COVID-19-related fraudulent texts have begun making the rounds, with messages claiming that government officials require you to take an "online coronavirus test," as reported by the Better Business Bureau. Government officials are also being impersonated, and in some samples, criminals are also trying to hook victims by sending SMS messages related to stimulus checks and IRS/tax payments. 

In the UK, the National Cyber Security Centre (NCSC) has warned (.PDF) of four main SMS scams: 

  • Fake government URLs that must be visited to claim coronavirus-related payments
  • Lockdown fine notices for breaching stay-at-home rules
  • Offers of health supplements to protect you against COVID-19
  • Financial support offers that appear to be from your bank

An SMS-based scam is also in circulation in which messages claim to be from the UK National Health Service (NHS).
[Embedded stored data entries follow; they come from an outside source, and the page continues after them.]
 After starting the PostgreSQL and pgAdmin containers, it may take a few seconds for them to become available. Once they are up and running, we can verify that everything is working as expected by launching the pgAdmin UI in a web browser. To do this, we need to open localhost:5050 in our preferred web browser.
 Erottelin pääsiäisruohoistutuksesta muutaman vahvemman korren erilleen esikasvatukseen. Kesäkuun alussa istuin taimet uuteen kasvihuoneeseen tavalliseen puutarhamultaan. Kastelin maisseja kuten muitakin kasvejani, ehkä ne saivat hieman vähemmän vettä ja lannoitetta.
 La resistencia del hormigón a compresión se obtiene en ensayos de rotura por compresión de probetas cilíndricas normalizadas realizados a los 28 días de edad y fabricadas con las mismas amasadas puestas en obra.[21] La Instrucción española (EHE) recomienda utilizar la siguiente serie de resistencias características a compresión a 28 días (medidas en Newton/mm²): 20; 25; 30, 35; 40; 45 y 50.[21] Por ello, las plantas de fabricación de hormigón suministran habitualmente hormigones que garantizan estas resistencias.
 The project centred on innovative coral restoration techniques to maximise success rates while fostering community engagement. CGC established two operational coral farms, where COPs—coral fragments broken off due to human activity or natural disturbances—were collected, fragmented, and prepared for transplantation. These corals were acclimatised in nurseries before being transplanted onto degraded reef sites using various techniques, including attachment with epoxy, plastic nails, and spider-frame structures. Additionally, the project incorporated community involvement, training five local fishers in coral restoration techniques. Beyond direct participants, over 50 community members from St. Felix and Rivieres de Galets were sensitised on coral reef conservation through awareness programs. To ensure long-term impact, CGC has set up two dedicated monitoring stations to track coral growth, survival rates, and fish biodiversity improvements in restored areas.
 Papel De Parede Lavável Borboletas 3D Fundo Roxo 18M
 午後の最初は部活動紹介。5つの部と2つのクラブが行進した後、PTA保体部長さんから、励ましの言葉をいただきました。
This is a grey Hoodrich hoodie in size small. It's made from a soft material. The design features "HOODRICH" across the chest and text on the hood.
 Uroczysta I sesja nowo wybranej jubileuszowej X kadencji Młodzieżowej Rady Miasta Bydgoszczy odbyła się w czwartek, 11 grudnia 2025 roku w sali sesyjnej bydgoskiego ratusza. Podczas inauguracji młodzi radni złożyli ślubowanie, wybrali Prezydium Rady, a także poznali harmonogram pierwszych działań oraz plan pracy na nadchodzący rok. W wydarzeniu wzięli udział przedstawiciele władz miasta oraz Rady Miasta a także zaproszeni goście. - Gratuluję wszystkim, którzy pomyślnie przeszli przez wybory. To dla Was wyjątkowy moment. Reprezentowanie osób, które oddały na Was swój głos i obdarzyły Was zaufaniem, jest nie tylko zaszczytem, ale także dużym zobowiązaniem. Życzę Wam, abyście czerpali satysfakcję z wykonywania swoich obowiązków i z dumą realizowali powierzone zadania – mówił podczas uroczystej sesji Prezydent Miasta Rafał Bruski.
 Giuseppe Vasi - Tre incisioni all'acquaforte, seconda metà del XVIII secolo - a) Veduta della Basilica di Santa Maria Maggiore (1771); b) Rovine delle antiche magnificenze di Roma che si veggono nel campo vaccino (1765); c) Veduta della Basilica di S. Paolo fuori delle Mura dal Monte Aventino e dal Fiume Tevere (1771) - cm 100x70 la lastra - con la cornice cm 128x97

Recipients are told they have been identified as "eligible to apply for [a] vaccine," and a link then leads victims to a convincing, but fake, NHS website requesting sensitive personal information.

Over the phone

While, perhaps, not as common, some scam artists are cold calling victims directly. In recent cases, the COVID-19 vaccine has been offered by fraudsters over the phone, in which victims are asked to press a number on their keypad to confirm that they wish to have a vaccine -- or bank details are asked for directly. 

Information such as telephone numbers, names, dates of birth, and home addresses that has already leaked online may be used by criminals to appear more authentic when they call. 

How do I stay safe from COVID-19 scams?

The first and most important point is to never purchase medical equipment or treatments from unofficial, untrusted sources. Cybercriminals don't care what sales vector has to be used to make a dollar or two -- including exploiting demand for potentially life-saving vaccines -- and there is no proof or guarantee chemical products bought online from third-parties are genuine or safe. 

You should also treat any request for PII, whether made over the phone, via text, or email, very carefully. If there is a shred of doubt that this is genuine -- and it is likely to be a scam when communicated in these ways -- you should give nothing over. Instead, directly email or phone your local provider, or check official websites for the latest information. 

Lastly, be wary of clicking links or downloading attachments in unsolicited messages and remember to take a breath before responding to any form of message that tries to elicit panic -- such as a claimed vaccine shortage or time-based offer. Grammatical errors, too, are often a red flag for scams.